Wednesday, January 30, 2008

Spacecraft Falling! Get Set to Duck? Anyone remember Skylab?

If you're the kind inclined to worry, here's a real hand-wringer for you: Sometime as early as February, 7,000 lbs. of flaming metal are going to start raining out of the sky, and nobody can say exactly where on Earth it's going to happen. The upside is, there's almost no rational reason you should give it a second thought.

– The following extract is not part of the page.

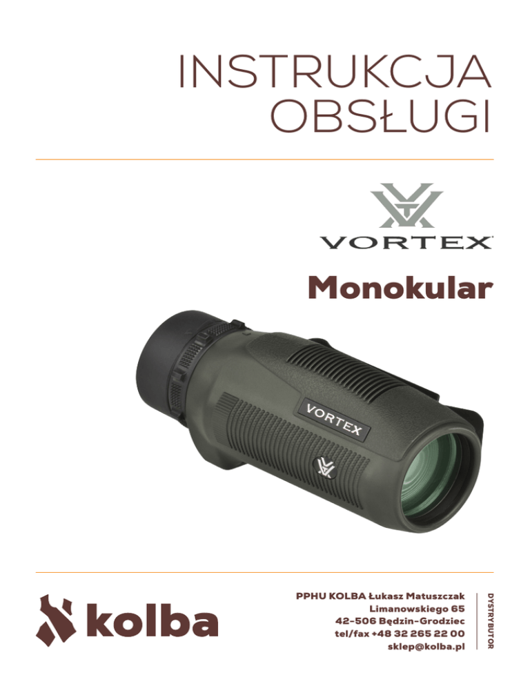 INSTRUKCJA OBSŁUGI Monokular DYSTRYBUTOR PPHU KOLBA Łukasz Matuszczak Limanowskiego 65 42-506 Będzin-Grodziec tel/fax +48 32 265 22 00 [email protected] 2 Gumowe wykończenie obudowy Obiektyw Ustawienie ostrości obrazu Szlufka na pasek Klips Czynności podstawowe Zakładanie paska 1. Przełóż pętlę paska przez szlufkę. 2. Przełóż klips przez pętlę i naciągnij pasek. 3. Przypnij klips do paska. 1. 2. Okular 3. Regulowana muszla oczna 3 Ustawianie ostrości Jak dbać o szkła Pokrętło służy do ustawienia ostrości obrazu. Przekręcenie pokrętła w prawo lub w lewo zmienia ustawienie ostrości. Należy czyścić szklane powierzchnie, tak aby nie było na nich kurzu, brudu lub substancji oleistych. Przed wycieraniem szkieł, należy usunąć z nich kurz i pył. Można to zrobić za pomocą szczoteczki z bardzo miękkim włosiem lub za pomocą sprężonego powietrza. Następnie wystarczy delikatnie chuchnąć na szkła i wytrzeć je miękką szmatką, załączoną do produktu. Nie należy używać chusteczek nawilżanych, grubej bawełny lub flaneli, ponieważ te materiały mogą porysować powierzchnie szklane. Regulowanie muszli ocznej Muszlę oczną można regulować w górę lub w dół poprzez ich pokręcenie. Dla osób noszących okulary zalecane jest wkręcenie muszli w dół. Osoby, które nie noszą okularów powinny odkręcić muszlę. Akcesoria Klips (Solo 10×36 i 8×36) Pozwala na szybkie umocowanie urządzenia na pasku, kieszeni lub innym miejscu. Pokrowiec Pokrowiec, wykonany miękkiego materiału, pozwala na przenoszenie mono-okularu w bezpieczny sposób. 4 KARTA GWARANCYJNA Nazwa towaru Typ Monokular Solo Numer fabryczny Data sprzedaży Pieczątka i podpis punktu sprzedaży Data przyjęcia Data wydania Opis usterki Pieczęć serwisu 5 PRAWO DO REKLAMACJI ORAZ WARUNKI GWARANCJI 1. PPHU Kolba Łukasz Matuszczak z siedzibą w Będzinie ponosi odpowiedzialność w okresie 24 miesięcy od daty sprzedaży w myśl ustawy z dnia 27 lipca 2002 roku o szczególnych warunkach sprzedaży konsumenckiej. 2. Producent, firma Vortex, udziela wieczystej gwarancji na produkt, w ramach poniższych warunków: • firma Vortex zobowiązuje się do naprawy lub wymiany produktu na nowy, jeżeli ulegnie on uszkodzeniu lub będzie miał wadę fabryczną, na własny koszt • prawo do gwarancji przechodzi na kolejnych właścicieli produktu • nie ma potrzeby przedstawienia karty gwarancyjnej • nie ma potrzeby posiadania dowodu zakupu • gwarancja nie obejmuje zgubienia, kradzieży lub celowego uszkodzenia • uszkodzeń kosmetycznych nie mających wpływu na działanie produktu OŚWIADCZAM, ŻE ZAPOZNAŁEM SIĘ I AKCEPTUJĘ WARUNKI NINIEJSZEJ GWARANCJI PODPIS I DATA ___________________________________________ PUNKT SERWISU GWARANCYJNEGO PPHU Kolba Matuszczak Łukasz ul. Limanowskiego 65; 42-506 BędzinGrodziec tel/fax 32 265 22 00 wew. 24 www.kolba.pl [email protected] 6 NOTATKI 7 NOTATKI DYSTRYBUTOR PPHU KOLBA Łukasz Matuszczak Limanowskiego 65 42-506 Będzin-Grodziec tel/fax +48 32 265 22 00 [email protected]
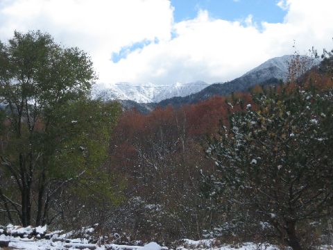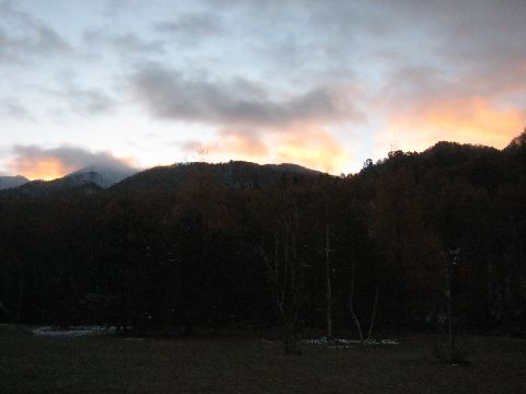 山の朝はいつでも気持ちがいいがぁ!寒い・・・・朝焼けが綺麗

In the 50 years since the launch of Sputnik, the world's first satellite, and Explorer I, America's first satellite, rocket builders from all over the world have fired so much heavy hardware into space that the planet is now surrounded by a belt of litter consisting of some 10,000 objects four inches or more in diameter and many tens of thousands of smaller ones. Taken together, they're estimated to represent more than 900,000 lbs. of flying — and possibly falling — rubbish.
In 2006, wreckage from a plummeting Russian spy satellite whizzed dangerously close to a Latin American Airbus carrying 270 passengers. That near-miss took place over the Pacific Ocean, which is considered among the safest places in the world to bring down satellites due to its unpopulated vastness. The worst uncontrolled reentry in history occurred in July 1979, when Skylab, America's abandoned, 78-ton space station — which had long since run out of maneuvering fuel — came down earlier than planned, raining debris across the Australian outback.